• _Task prompt_: From top to bottom, write out the listing exactly and skip every picture.

== Collected material

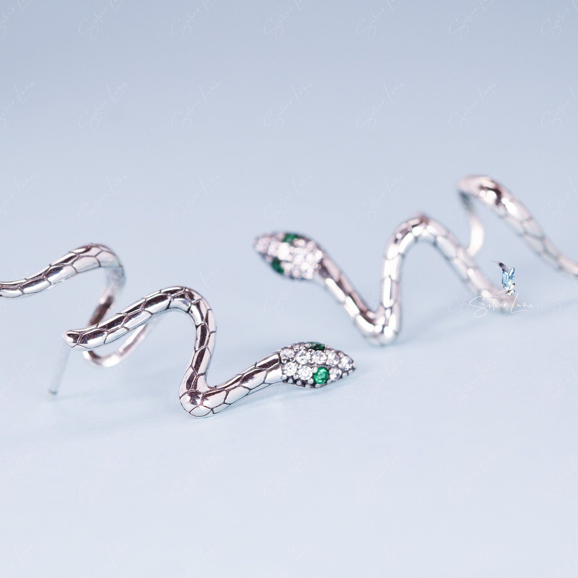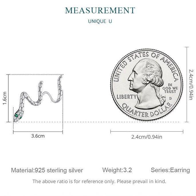 Upgrade your jewelry collection with these stunning snake wrap stud earrings! Made of solid 925 sterling silver and platinum plating, these earrings feature a detailed design of a snake with mesmerizing green eyes. Add a touch of bohemian style to your everyday look or give them as a perfect gift to your special someone. Don't miss out on these unique and charming earrings!
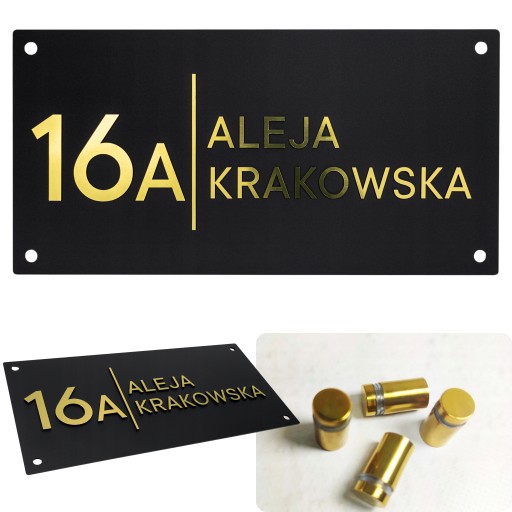 ✅Nasza tabliczka adresowa 19x38 cm to doskonałe połączenie nowoczesnego stylu i wyjątkowej trwałości. Wykonana z czarnej, matowej plexi oraz laminatu złotego szczotkowanego, jest odporna na warunki atmosferyczne, dzięki czemu zachowa swój wygląd przez wiele lat. Cztery dystanse montażowe pozwalają na łatwe i stabilne zamocowanie tabliczki, a wycinanie laserowe gwarantuje gładkie, estetyczne krawędzie. Idealny wybór dla osób ceniących funkcjonalność i styl.
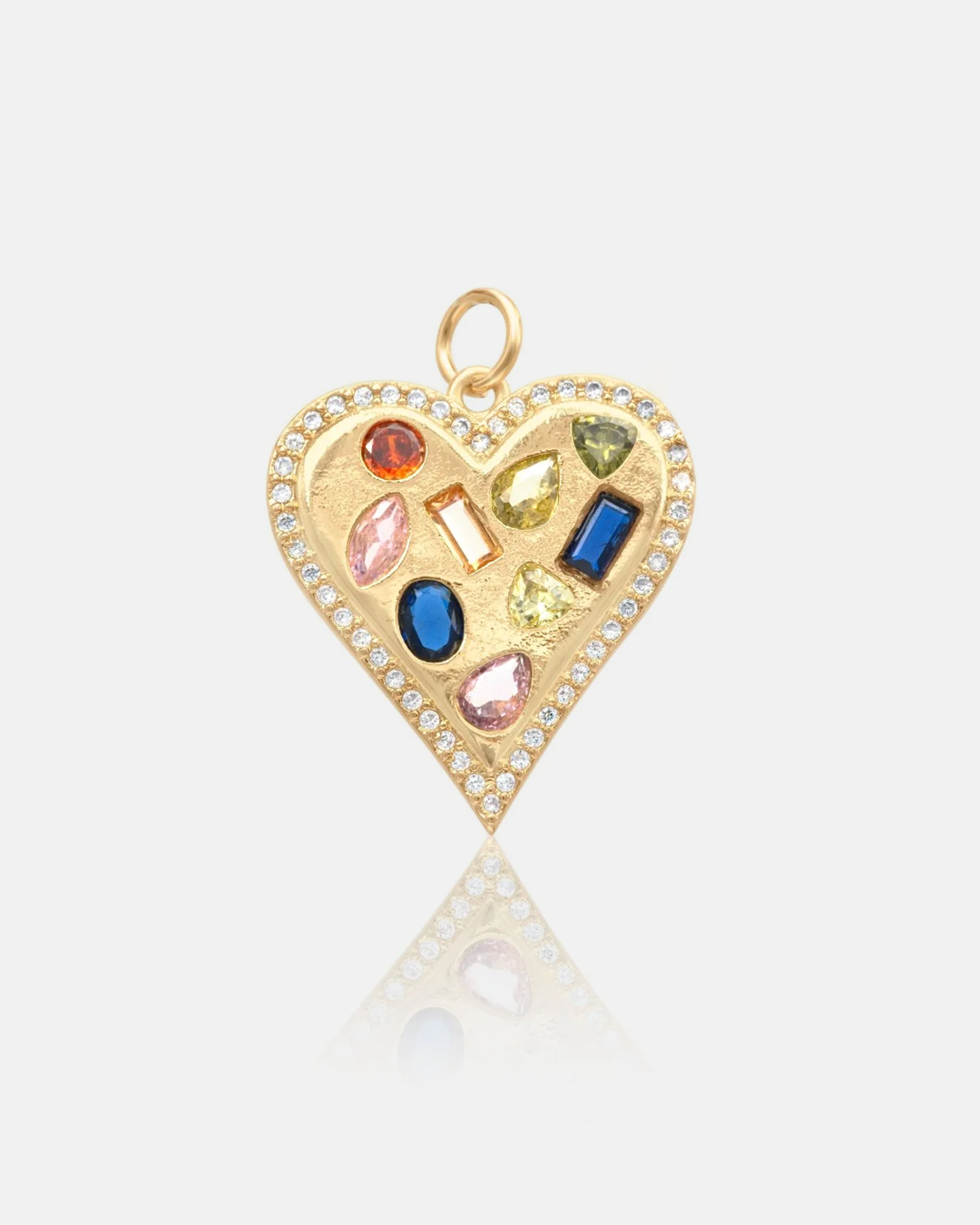 This multi shape, multi color heart charm is perfect for adding a touch of sparkle to any look. The elongated shape of the heart is encrusted with pave stones, creating a luxurious piece that is sure to turn heads. A timeless accessory that never goes out of style. For a bolder look, pair it with our Charm Connector to wear on a thicker chain and add multiple charms. Charm Connector sold separately.

====

• _Exercise answer_:
 Upgrade your jewelry collection with these stunning snake wrap stud earrings! Made of solid 925 sterling silver and platinum plating, these earrings feature a detailed design of a snake with mesmerizing green eyes. Add a touch of bohemian style to your everyday look or give them as a perfect gift to your special someone. Don't miss out on these unique and charming earrings!
 ✅Nasza tabliczka adresowa 19x38 cm to doskonałe połączenie nowoczesnego stylu i wyjątkowej trwałości. Wykonana z czarnej, matowej plexi oraz laminatu złotego szczotkowanego, jest odporna na warunki atmosferyczne, dzięki czemu zachowa swój wygląd przez wiele lat. Cztery dystanse montażowe pozwalają na łatwe i stabilne zamocowanie tabliczki, a wycinanie laserowe gwarantuje gładkie, estetyczne krawędzie. Idealny wybór dla osób ceniących funkcjonalność i styl.
 This multi shape, multi color heart charm is perfect for adding a touch of sparkle to any look. The elongated shape of the heart is encrusted with pave stones, creating a luxurious piece that is sure to turn heads. A timeless accessory that never goes out of style. For a bolder look, pair it with our Charm Connector to wear on a thicker chain and add multiple charms. Charm Connector sold separately.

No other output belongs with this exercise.